Movement of a magnet due to repulsion (help)

Basically I was wondering if I was to place a magnet inside a tube sealed at both ends via two magnets (as the diagram shows) would the magnet keep on moving up and down or would it find a resting place. I think it would find a resting place but then I also thought there will also be gravity acting on it when it was falling down and I wondered if that would make a difference. Also If it would find a resting place is there anyway I could stop it from doing so without an external power source.http://img535.imageshack.us/img535/7071/diagramv.png

 sambristol Feb18-12 07:12 AM

Re: Movement of a magnet due to repulsion (help)

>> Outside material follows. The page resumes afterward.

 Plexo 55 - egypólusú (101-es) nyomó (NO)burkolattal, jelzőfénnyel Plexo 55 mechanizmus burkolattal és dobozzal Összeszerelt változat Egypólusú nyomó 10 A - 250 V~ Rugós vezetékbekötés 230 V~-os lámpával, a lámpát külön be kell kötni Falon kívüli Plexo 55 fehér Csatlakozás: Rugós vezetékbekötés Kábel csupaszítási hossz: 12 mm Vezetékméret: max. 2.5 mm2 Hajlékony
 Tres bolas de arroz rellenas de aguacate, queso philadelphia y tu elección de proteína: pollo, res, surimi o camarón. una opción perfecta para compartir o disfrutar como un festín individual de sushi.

It will find a 'resting place' where the effect of gravity is balanced by the magnetic repulsion but it will oscillate for a while until the oscillation is damped by a) air resistance and b) magnetic fields set up by opposing induced currents in the magnets – look up Lenz's law in a search engine

 Kieranlavelle Feb18-12 07:23 AM

Re: Movement of a magnet due to repulsion (help)

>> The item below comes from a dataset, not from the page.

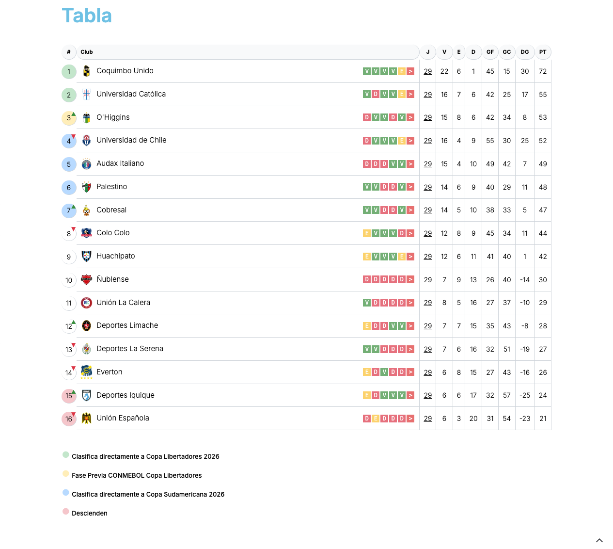 En un duelo directo por la clasificación a la Copa Sudamericana, el equipo de Gustavo Huerta fue contundente y superó con claridad al Cacique con goles de César Munder (2) y Diego Coelho. Colo Colo mostró serias falencias defensivas, quedó en el octavo lugar con 44 puntos y ya no depende de sí mismo para clasificar a un torneo internacional en 2026.

Ok thanks for your help I appreciate it.

 DarioC Feb18-12 02:36 PM

Re: Movement of a magnet due to repulsion (help)

If this is a real project you might want to use a pendulum instead.

The tube has at least one problem. The magnet will try to turn over and doing so will cause friction against the sides of the tube or whatever guide you use. A pendulum will try to twist in a similar way, but should be easier to control with less of a friction problem.

DC

 Naty1 Feb18-12 02:46 PM

Re: Movement of a magnet due to repulsion (help)

I thought Earnshaw's theorem argues against a stable magnetic levitation...but I don't know the application scope of the theorem nor your assumptions about 'stabilizing' frictional forces.

http://en.wikipedia.org/wiki/Magnetic_levitation

Quote:
 Also If it would find a resting place is there anyway I could stop it from doing so without an external power
You can get some insights at the same link, above. Usually, absent friction, the issue is not stability but instability.....

In your diagram, my guess is that sufficient friction will likely cause a multiplicity of 'stable' resting places... but the less friction, the less stability.